46 – Athletes have a unilateral upper limb impairment that affects the shoulder and/or elbow joint of one arm and which is comparable to the activity limitations in running and jumps roughly comparable to that found in an athlete with a unilateral above elbow amputation. Athletes who have impairments of both arms, affecting elbow and wrist and roughly comparable to the activity limitations experienced by an athlete with bilateral through wrist / below elbow amputations of both arms, or an athlete with one above elbow amputation and one below elbow amputation, will also be placed in this class.

47 – Athletes with a unilateral upper limb impairment resulting in some loss of function at the shoulder, elbow and wrist and which impacts sprints primarily. The impact of the impairment is comparable to the activity limitations experienced by an athlete with a unilateral through wrist/ below elbow amputation.

Leg Amputee

T42/F42 – Athletes have one or more impairment types affecting hip and/or knee function in one or both limbs and with activity limitations in throws, jumps and running comparable to that of an athlete with at least a single through or above knee amputation. Athletes with impairment(s) roughly comparable to above knee amputations are also placed in this class

T43/F43 – Athletes have bilateral lower limb impairments where both limbs meet the MDC, and where functional loss is in the feet, ankles and/or lower legs. The activity limitation is roughly comparable to that found in an athlete with below-knee amputations.

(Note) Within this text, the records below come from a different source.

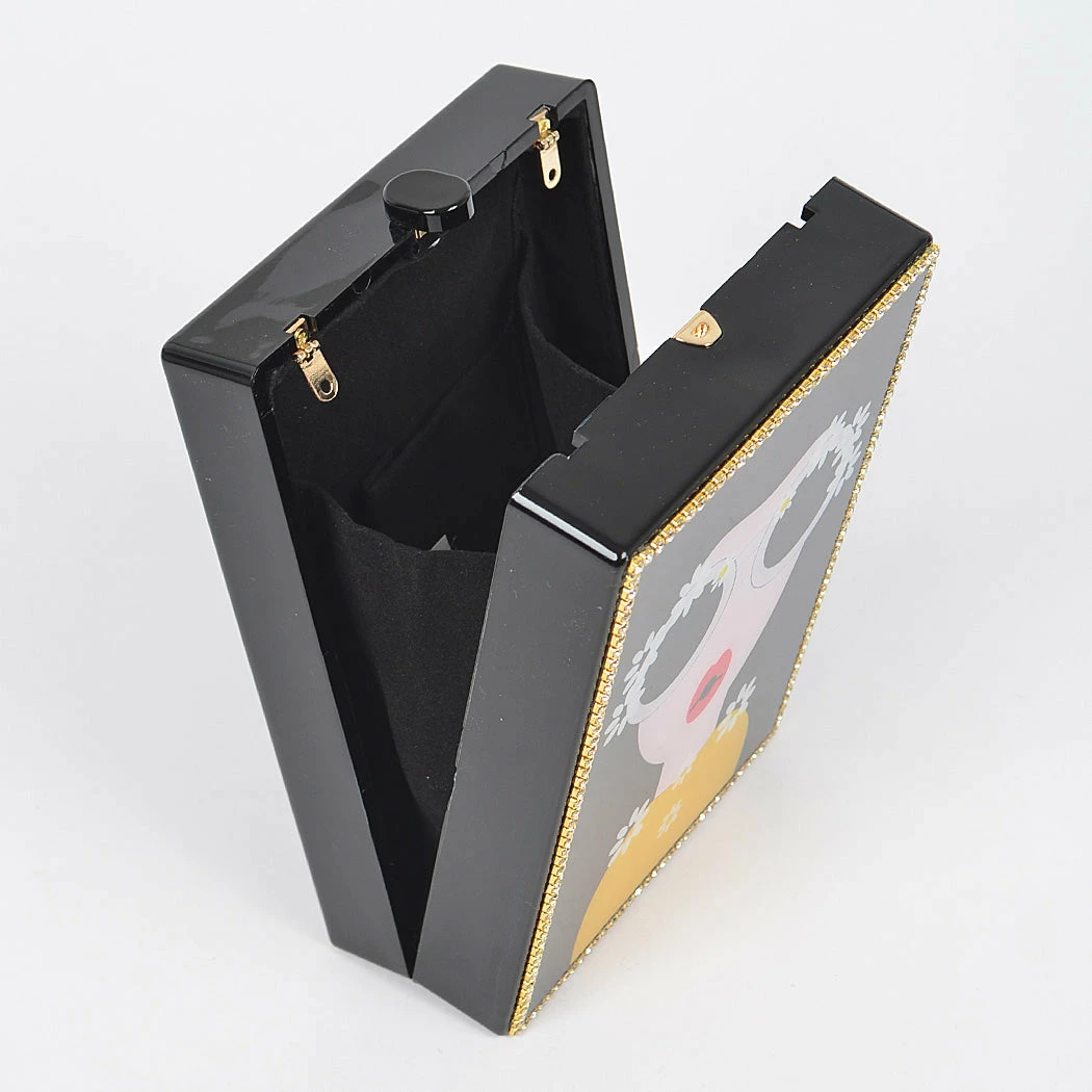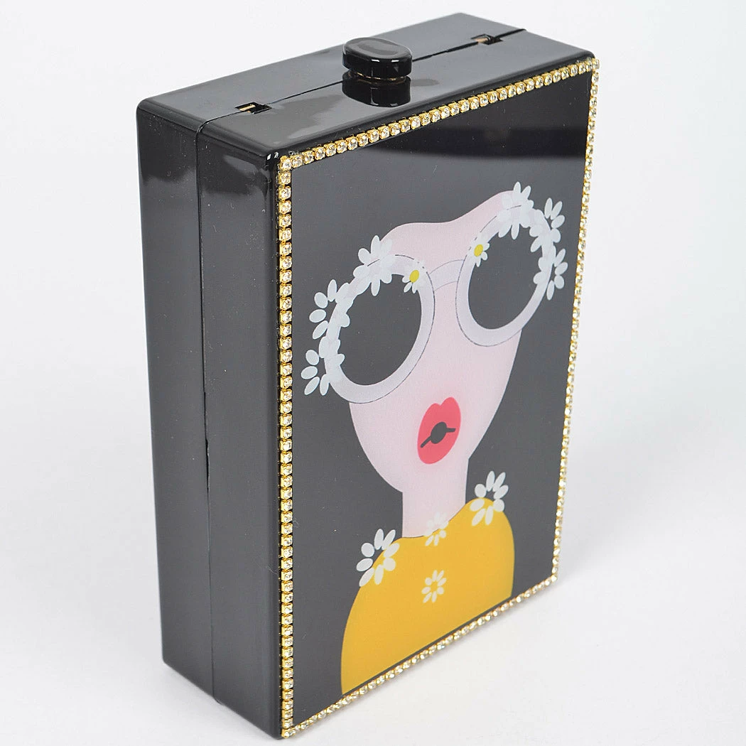 Everything’s coming up daisies for this acrylic cutie! The box style handbag features a fun fashionista with floral accents on their eyeglasses and happy yellow top. Opening from the top, while the interior is spacious enough for your phone and other small essentials. A detachable chain strap allows the bag to function as a clutch or shoulder/crossbody style. Whatever you choose, this accessory will always be in bloom!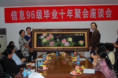 座谈会上,每位同学汇报各自的工作、生活情况,并对学院的专业设置、学科建设提出了宝贵的意见和建议。与会的信息学院相关领导和教师也畅所欲言,在接受学子们提出宝贵意见和建议的同时,也将学校和学院十年发展变化展示给他们。整个座谈会热烈而欢快。信息96级的毕业生还向母校和学院赠送了纪念礼物。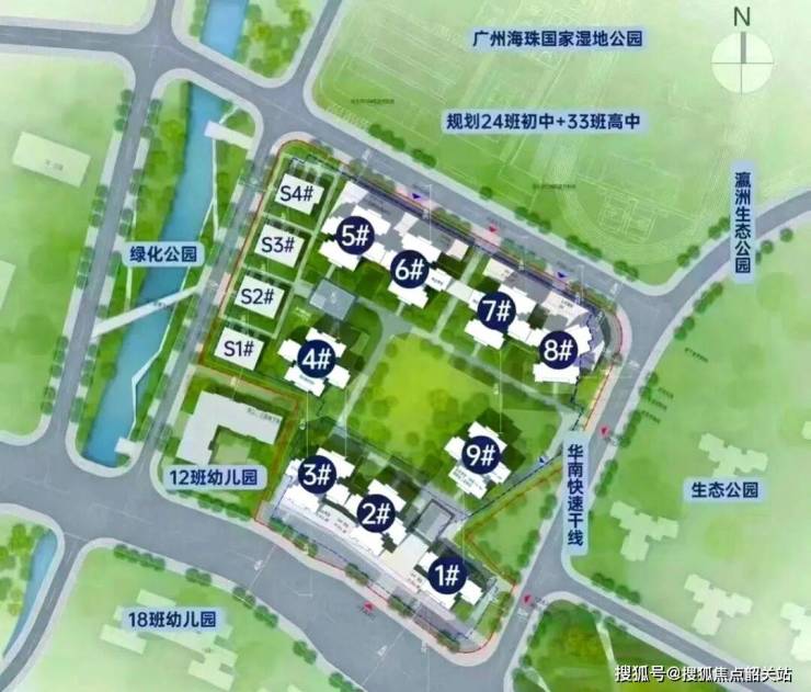 湿地资源:项目最大的生态优势在于紧邻约1100万平方米的海珠国家湿地公园。部分高楼层单位更可远眺湿地景观,实现了“城央隐居”的居住梦想。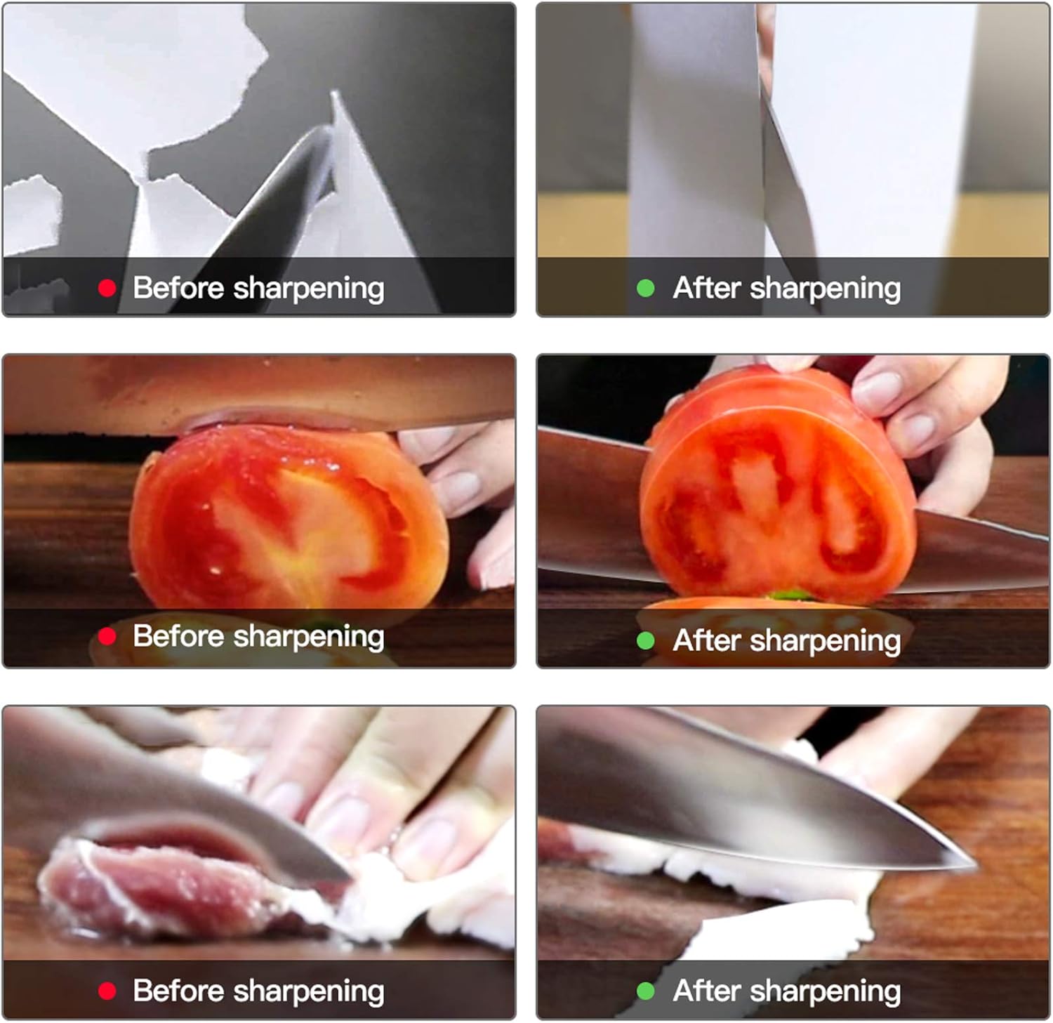 - EINFACHE HANDHABUNG - Im Vergleich zu Arkansas-Steinen oder Slipstone-Schleifern muss unser Whetstone Set nur 10 Minuten in Wasser eingeweicht werden und benötigt kein teures Schärföl! Experimente belegen, dass Wasser besser funktioniert und die Reinigung erleichtert! Wenn Sie Ihr Messer mit unser Messerschärfer schleifen, werden Sie in kurzer Zeit ein professioneller Schärfmeister!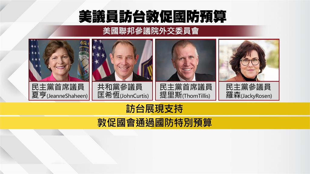 根據《金融時報》報導,美國參議院外交委員會跨黨派議員將組團訪台,成員包括民主黨首席議員夏亨、參議員羅森,以及共和黨參議員匡希恆與提里斯。訪團預計30日晉見總統賴清德,並在總統府內公開發表談話,也將與在野陣營會面,說明台灣通過國防預算的重要性。總統府對此低調表示,若訪團行程有確定安排,將再進一步說明。

T44/F44 – This class is for any athlete with a unilateral or a combination of lower limb impairment/s where the impairment in only one limb meets the MDC. Functional loss is seen in one foot, ankle and/or lower leg. The activity limitation in  is roughly similar to that found in an athlete with one through ankle / below knee amputation.

Limb deficiency

51 – Athletes usually have decreased shoulder muscle power and difficulty straightening the elbows There is no muscle power in the trunk.

52 – Athletes use their shoulder, elbow and wrist muscles for. There is poor to full muscle power in the fingers with wasting of the intrinsic muscles of the hands. Muscle power in the trunk is typically absent.

53 – Athletes typically have full function of the arms but no abdominal or lower spinal muscle activity .

54- Athletes have full upper muscle power in the arms and some to full muscle power in the trunk. Athletes may have some function in the legs.

So there you go – simple! OK, maybe not. It may be still a bit confusing, but at least you know where to look for help.